基本無機化学 荻野 博 ,飛田 博実 ,岡崎 雅明
編入試験の無機化学では、単なる暗記では対応できない「原子の構造」や「化学結合」に関する理論的な問題が頻出です。特に波動関数やシュレーディンガー方程式といった量子力学的な観点から、電子配置や分子構造を理解することが求められます。本書は、これらの基礎理論を体系的に解説しており、理論と具体例の結びつけに悩む受験生の強い味方となります。
この本の位置づけ
本書は工学系・理学系の編入試験で頻出される「基礎理論」を重視する受験生を想定しています。波動関数や混成軌道といった量子力学の基礎から、主要族・非金属・遷移金属の化学まで、幅広い単元を一冊で網羅できる構成になっています。
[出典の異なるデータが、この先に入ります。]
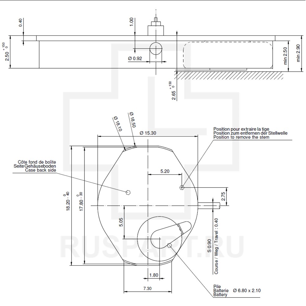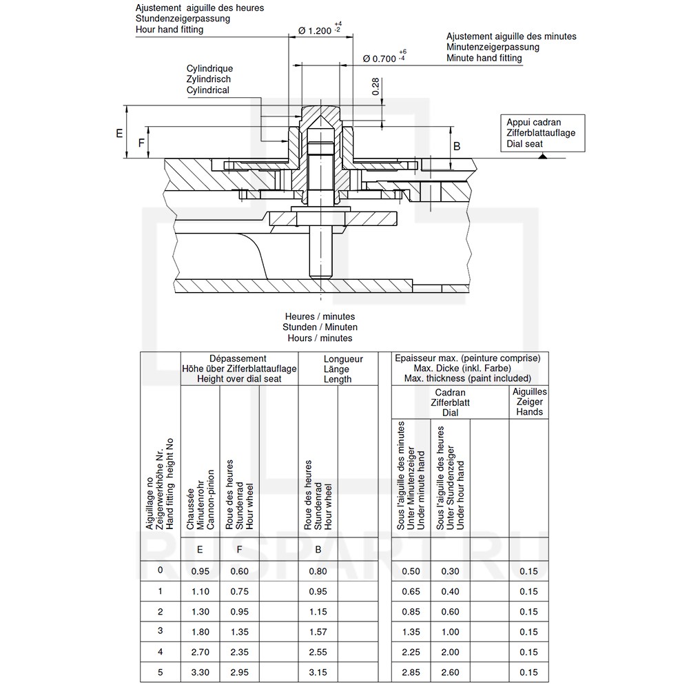 Механизм часовой в сборе RONDA 762 HH1Описание: MOVEMENT RONDA 762, SIZE 6 3/4''' x 8''', SWISS MADE, 2 HANDS, AIG1, HH1 (HAND FITTING HEIGHT No 1)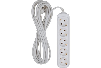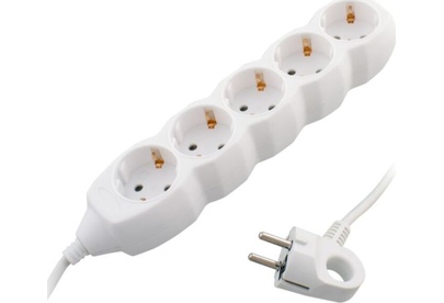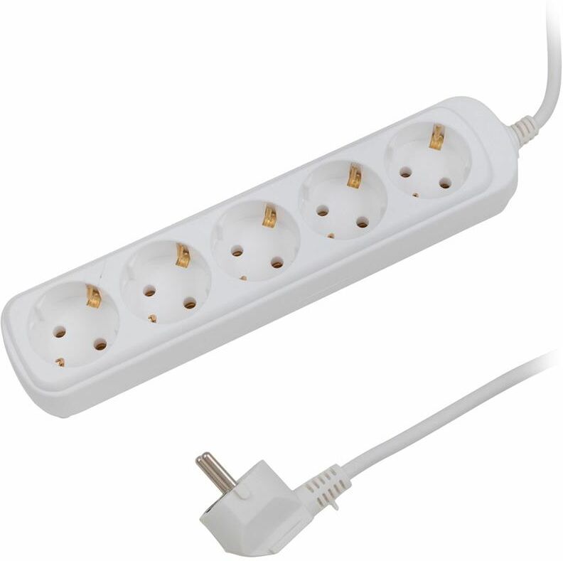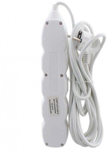 Колодка на 5 розеток Длина провода 5 м. Провод ПВС с сечением 3х0,75 мм2. Заземление Макс нагрузка 2200 Вт Сила тока 10 А Эргономичная вилка Материал - негорючий, ударопрочный РР-пластик. Корпус неразборный. Цвет-белый

他の無機化学の参考書と異なり、本書は現象の「なぜ」を理論から説明することに重点を置いています。暗記中心のアプローチではなく、電子配置やイオン化エネルギーがなぜそのような値になるのかを、量子数や軌道の概念を通じて理解させる点が特徴です。
いつどのタイミングの編入受験生におすすめか
導入は編入対策を始めた早期段階、具体的には1年生後期~2年生前期から取り組むことをお勧めします。化学の基本的な概念(原子構造、化学結合)が固まった状態で読むと、理論の理解が深まりやすくなります。
早すぎる時期に取り組むと理論の抽象性に躓く可能性があります。逆に編入試験の直前期に初めて手にすると、ボリュームの多さに対応するのが難しくなるため、余裕を持った段階での導入が効果的です。
ターゲット大学と対策できるテーマ
オンライン編入学院が保有する過去問データベースを分析し、本書の内容が実際の出題範囲と重なる大学・学部を抽出しました。「頻出テーマ」はその学部の過去問で繰り返し問われている論点のうち、本書で扱っているものです。
大阪大学医学部
化学
頻出テーマシュレーディンガー方程式、波動関数、混成軌道、結合角、量子力学、sp3混成
本書の該当ページシュレーディンガー方程式(p.8)、原子価結合法(p.53)、混成軌道(p.55)
※志望校の最新の募集要項と過去問は必ずご自身でご確認ください。
使い方
最初は第1章(元素と周期表)から順序立てて読み進め、波動関数や量子数といった基礎概念を整理することから始めてください。1周目は理論の流れを掴むことに注力し、グラフや図表を丁寧に眺めることが大切です。
2周目以降は、志望大学の過去問で頻出される単元(例えば神戸大学なら電子配置やイオン化エネルギー、大阪大学医学部なら結合理論など)を重点的に読み返す方法が効果的です。その際、過去問の問題文と本書の該当ページを照らし合わせながら、「この問題がなぜこの理論に関連するのか」を確認することで、理論と問題が結びつきやすくなります。
計算問題が多く出る大学の場合は、本書で理論を固めた後、演習書で定量的な問題に取り組む流れが望ましいです。
編入試験でよく問われる論点から入るなら、次の順で読むのが効率的です。
- p.32 第1章 元素と周期表「不対電子」がここで扱われています
- p.129 第4章 基礎無機反応「標準酸化還元電位」がここで扱われています
- p.156 第5章 主要族金属元素の化学「不活性電子対効果」がここで扱われています
- p.162 第6章 非金属元素の化学「フッ化水素」がここで扱われています
- p.187 第7章 遷移金属の化学「不動態」がここで扱われています
- p.283 第10章 有機金属化学「β水素脱離反応」がここで扱われています
- p.312 第11章 生物無機化学「メチルコバラミン」がここで扱われています
この本を使った合格者の声
オンライン編入学院に寄せられた合格体験談から、本書を実際に使っていた受験生の記述を抜き出しました。
高専での授業に用いていたため、新たに参考書は購入せずに使用した。2周した。
東京農工大学 工学部 合格(2026年度) / 化学
注意点
本書は理論重視の教科書的な内容であり、出版年が相応に経過している可能性があります。掲載されているデータや最新の研究知見については、志望大学の過去問で確認することをお勧めします。
また本書は「基礎」という名称ですが、量子力学や混成軌道といった内容は数学的素養が必要になります。化学の基本概念が不十分なまま読むと、抽象的な説明に迷う可能性があるため注意が必要です。
さらに、有機化学や高度な反応機構については別途対策が必要になる場合があります。本書は無機化学に特化しているため、有機化学も出題範囲に含まれる試験では補足教材の準備も検討してください。